How Many Overwriting Rounds Are Required to Erase a Hard Disk?


Occasionally, customers have requested my advice regarding which erasure standard that we recommend, or the optimal amount of erasure rounds required to securely erase a hard disk. Well, that’s a complex question and depends on several factors, particularly technology changes, research findings and recommended procedures, which I will try to touch on in this post. First, let’s take a look at the target of all these concerns: the hard disk.

hard-disk_open

The HDD
The magnetic Hard Disk Drive (HDD), introduced in 1956, didn’t gain prominence until the late 1980s. These days HDDs are by far the dominant medium for non-volatile data storage, and are expected to remain for some time despite the rise of flash based storage, including SSDs.

The HDD retains data on magnetic platters, where it can be preserved even without electrical power for many years. Though HDD technology is a huge asset in our data-centric world because of its large capacity and decreasing cost and physical size, it is a potential liability because it has to be disposed of properly. The safest and most cost effective way to make data disappear without having to destroy the HDD is to simply overwrite it.

The evolution of data removal procedures
The process of removing data from storage media has been examined by different government agencies and organizations during the past 20 years. Operating manuals usually specify two kind of procedures: clearing (to prevent recovering data using software) and purging/sanitizing (to prevent recovering data using laboratory techniques). While clearing procedures generally involve overwriting the HDD, purge procedures with higher security requirements can vary and range from overwriting techniques combined with the execution of internal HDD commands (firmware based erasure) to the degaussing or the physical destruction of media support.

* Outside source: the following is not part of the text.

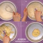 2 For water dough: Mix together plain flour, salt and icing sugar. Mix in margarine, then add in water gradually, mix until a dough is formed.

The nature of the data (confidential or not) as well as other considerations (drive leaving the organization or not) also define which procedure to follow.

Early 1990s
As early as the mid-1990s, operating manuals were released for classified information handling and data sanitization, the main one being the US Department of Defense’s National Industrial Security Program Operating Manual. This document specified that rigid magnetic disks should be sanitized by writing some “character, its complement, and then a random character” and is known as the “DoD 5220.22-M” standard.

Mid to late 1990s
In 1996, Peter Gutmann published a paper that upset the status quo by affirming that some laboratories were theoretically capable of retrieving data from overwritten hard disks by using sophisticated tools such as magnetic force microscopes. As a result, he proposed an overwriting method consisting of 35 passes! No need to panic, however, this algorithm was meant to be used on older HDD technology from the 1980s and 1990s that usedMFM/RLL line coding techniques. Also, this was a combination of three different algorithms to overwrite different line encoding schemes which partly explains the large amount of passes. The arrival of newer HDDs using PRMLtechniques in the late 1990s made the drives using MFM/RLL techniques obsolete, along with the Gutmann’s method. The same year security expert Bruce Schneier published a book containing a method for data overwriting using 7 passes.

2000
Curiously enough, early in 2000 several national agencies released operating manuals that recommended the use of more than 3 passes. A good example is the VSITR method by the German information security agency, BSI, which applied 7 overwriting passes. It became popular in Europe to use overwriting methods that consisted of 4 to 7 passes.

2006 and onward
Later in 2006, the DoD 5220.22-M operating manual removed all text mentioning any recommended overwriting method, and now leaned towards each entity making its own decisions based on its own risk and threat assessment. The US NIST in its Guidelines for Media Sanitization of 2006 stated that “for ATA disk drives manufactured after 2001 (over 15 GB) clearing by overwriting the media once is adequate to protect the media“. The HMG Infosec Standard 5 published by the British CESG currently defines two methods with 1 and 3 overwriting passes, the latter being almost identical to the 1996 “DoD 5220.22-M” standard. In 2012, the newer BSI GS/E standards were made public, combining 1-2 overwriting passes of random data with firmware based erasure.

Conclusion
The technology changes in the last 15 years such as the ever-increasing data density on disk platters have made all attempts to recover data after overwriting unlikely. Multiple overwriting is not an absolute necessity anymore.

Regarding which algorithm to use, Peter Gutmann has stated that “for any modern PRML drive, a few passes of random scrubbing is the best you can do“. The NIST Guidelines for Media Sanitization (2006) also mention that “the security goal of the overwriting process is to replace written data with random data” as well as “executing the firmware Secure Erase command (for ATA drives only) and degaussing are examples of acceptable methods for purging“. Other research also follows that trend.

To summarize, safe trends recommend:

  • Using an erasure standard with no more than 3 overwriting passes with at least one pass of random data
  • When available, utilizing the drive’s firmware based erasure commands is a valuable addition and indispensable for erasing sensitive data
  • Additionally, several guidelines recommend removing and erasing any hidden area on the HDD as part of the erasure process
  • Finally, the best erasure is the one you can prove, therefore, a report proving the erasure of a media support is a must.

Keep in mind too that the “optimal amount of rounds” is a compromise between the security you want in your overwriting process and the time you actually decide to spend on each processed asset.